Sitting on the bed, I lace up my platform boots and stand. I make my way over to the mirror my gaze on the floor, not sure if I want to see what I look like. I close my eyes, take a deep breath, and face the mirror. When I open my eyes, for the first time in a long time, I smile at my reflection. The sheer long-sleeved shirt ends at my midriff, exposing just a slit of skin. And I can honestly say I don’t hate it. My long black skirt, looking seemingly plain, is anything but. I move my leg, and the slits on each side expose the thigh-high fishnet stockings I have on.
I lean toward the mirror and tease my hair slightly, before checking my make-up one last time. My smokey eye shadow, with an under-shade of deep purple, make my green eyes pop.
I pucker my lips and dab them with a tissue. The combination of black eyeliner with a wine-colored shimmering lipstick gives them a depth that makes me feel bold.
Grabbing my silver rings and black beaded bracelets, I step back and take it all in.
The panic that normally tries to weasel into my thoughts attempts to seep in, but I’m not hearing it. Not tonight.

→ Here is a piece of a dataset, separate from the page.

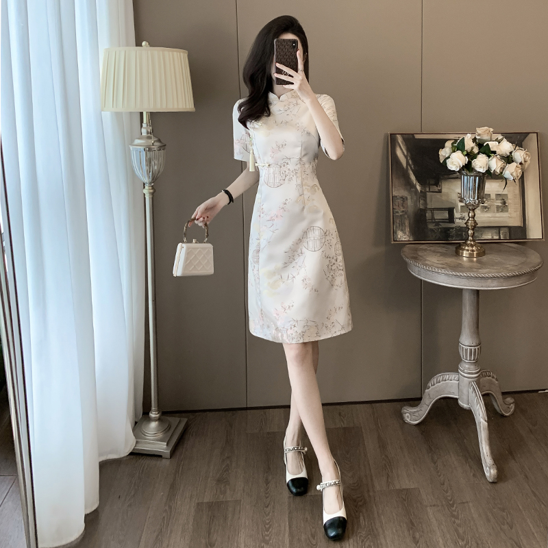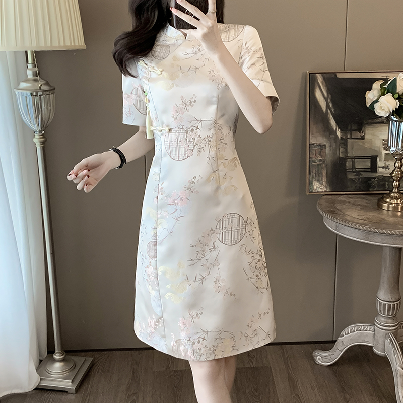 改良旗袍修身 气质短袖 剪裁A字连衣裙 温柔流光高雅新中式 2025夏季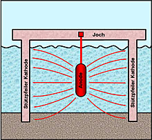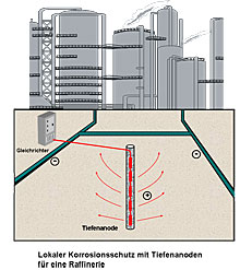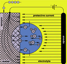 Cathodic protection is a method which reliably protects the metal even at undetected coating holidays. The protective current supplies electrons to the structure which is protected. These electrons cover the electron requirements for the reduction of oxygen which comes into contact with the metal surface. Without cathodic protection, these electrons provide the decomposition of the metal. Thus, the potential of the metal surface is sufficiently reduced to prevent the disassociation of positive ions from the metal. Where formerly an anodic reaction took place, the oxygen is reduced by cathodic reaction. The entire surface of the structure protected is thus transformed into a safe cathode, i.e. the metal is " cathodically " protected.

For the first time in a long time, I feel at home in my own skin. I’m embracing who I am for me and not for anyone else. And dare I say, I look fucking hot tonight.
What if he doesn’t feel the same way, though? What if I’m reading his signals wrong? I take a deep breath and shake the thoughts out of my head.Keep the faith, Myssa. A saying my dad always told me growing up. At the very least, I’ll know where I stand, and hey, who knows, it’s gonna be packed tonight. If Zayne doesn’t take interest maybe someone else will. After grabbing my keys and putting them in my small clutch, along with my phone and my credit card, I walk out the door toward the elevator.
Once in the club, I scan the floor, hoping to get a glimpse of Knox or Zayne, but the place is already starting to fill up. Walking over to the bar Vix is tending, I see a stool with a “reserved” sign. While Vix is preparing a drink, she looks over, stops mid-shake, and her gaze slowly peruses me from head to toe, before her lips purse to whistle. I smile as I step back to give her a better look, while flashing her my leg through the slit of my skirt. She mouths “fucking hot”, and I give her a half-curtsy. She points to the reserved sign, indicating that it’s for me, and I step over to sit. She brings me over a shot and a bourbon on the rocks.